これも中学受験しない子も含まれていますが、10時前に寝る子が5割、11時前までに寝る子までとすると8割になります。
朝に1時間程度勉強しようと、6時に起きようとしたとき、10時に寝れば8時間睡眠ですが、11時に寝ると7時間睡眠になってしまいます。
それで、気になるのは、このうちどれだけの子が中学受験するの?ということです。
図表を読み勧めていくと学習塾に通っている頻度のデータがありました。「全体」から「通っていない」を引くと、塾に通っている子の人数がわかります。
「塾に通う=中学受験する」とは言い切れないですが、塾に通っている子はだいたい3分の1くらいかなというところです。つまり、データのうち3分の2くらいは私達にとってはノイズのようなものなので、注意しなければなりません。

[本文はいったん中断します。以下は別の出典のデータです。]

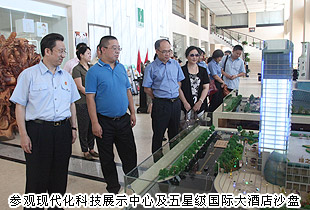 考察過程中,各位領(lǐng)導首先參觀了綠之韻集團辦公大樓。從企業(yè)文化展區(qū)、現(xiàn)代化科技展示中心及五星級國際大酒店沙盤,到產(chǎn)品展示廳、黨團工作展示區(qū)……長沙市中級人民法院副院長黎軍、長沙市人民檢察院副檢察長祝珍明、長沙市僑聯(lián)主席翁少蘭等領(lǐng)導在胡國安董事長的陪同下,邊走邊看,仔細詢問,不時點頭稱贊。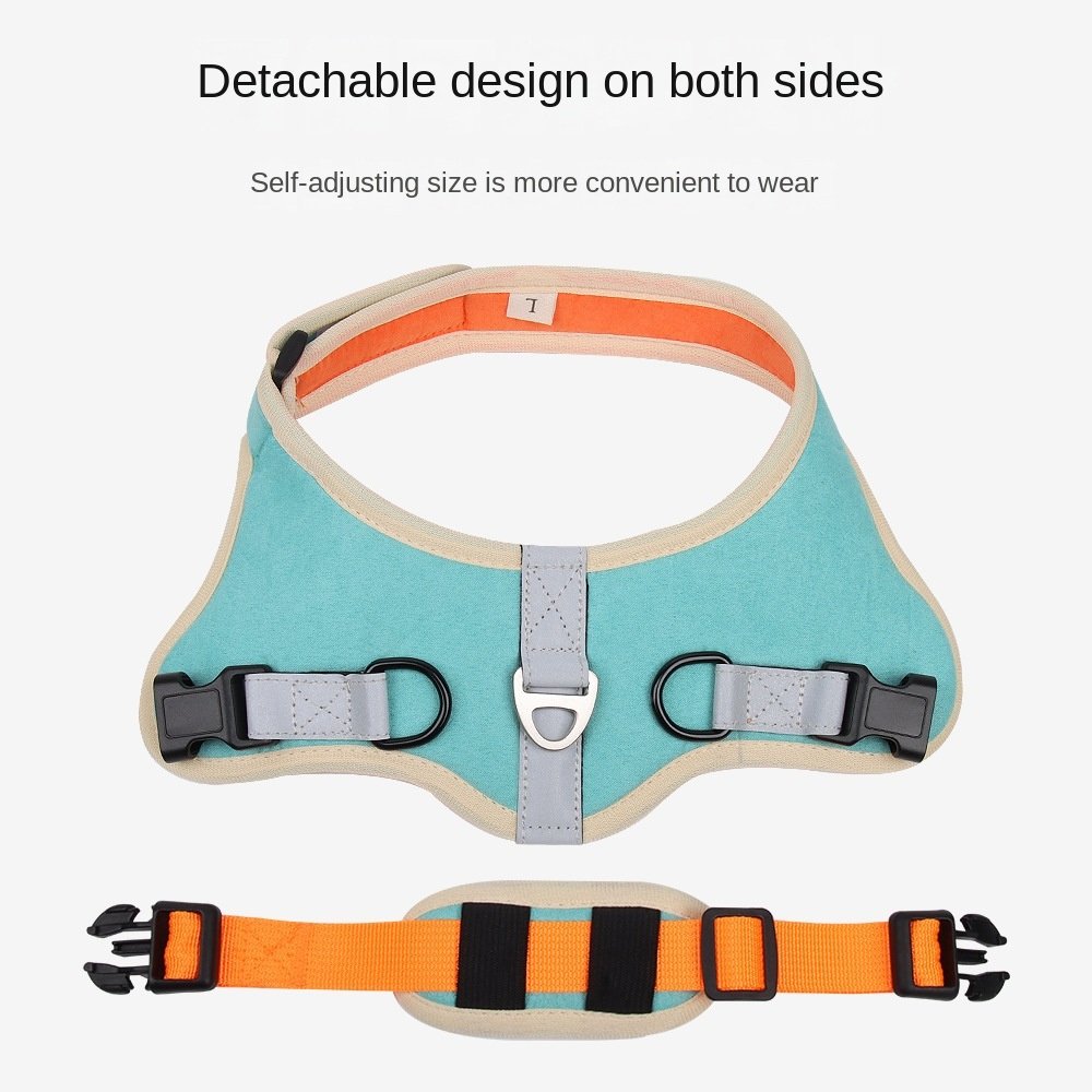 dog Harnesses and dog leash set; Suede Pet Chest Strap Saddle Vest Style Dog Chest Back Reflective Dog Strap Dog Rope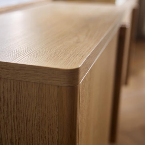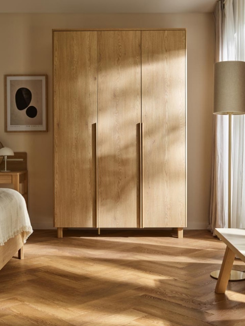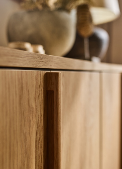Wybrany przez nas dębowy dekor z widocznym rysunkiem drewna podkreśla szlachetność materiału i tworzy subtelną grę faktur, która dopełnia wnętrze. Dodatkowo, pasuje idealnie do szaf z systemu Stor w dębowym kolorze, dając jeszcze więcej możliwości aranżacyjnych.

中学受験しない子のうち、中には夜遅くまで本やテレビやゲームなど趣味を楽しんでいる子もいるかもしれませんが、必要に迫られてということもあり、やはり中学受験の勉強を頑張っている子のほうが、夜遅くまで起きている傾向があるのではないかと思います。
すると、これまでのデータの割合を俯瞰して眺めてみると、中学受験を頑張る子は、ざっくり10時前後以降に寝て、6時から7時くらいに起きる子が多いのでは?と思います。
朝勉強しようとすると10時に寝て8時間睡眠とれればというところですから、小学生の睡眠が8時間で足りるかという問題は残りますが、8時間寝ていれば、中学受験を目指す子としては、割りと寝ることができているといえるのではと思います。
内閣府のデータ
次は内閣府の「平成27年版 子供・若者白書(リンク切れ)」です。大元は総務省「社会生活基本調査」らしいですが、由緒正しいデータだろうということで深いりはやめておくため、調査対象がいまいちよくわかりませんが、「第1部 子供・若者の状況、第6章 生活行動・意識、第1節 生活行動」とたどると、子どもたちの平均起床時刻と就寝時刻を確認できます。
文部科学省のデータと同様に、中学受験勉強をしているのかしていないのかわかりませんが、小学生が10歳以上となっていて、平均の起床時間が6時40分くらいとなっています。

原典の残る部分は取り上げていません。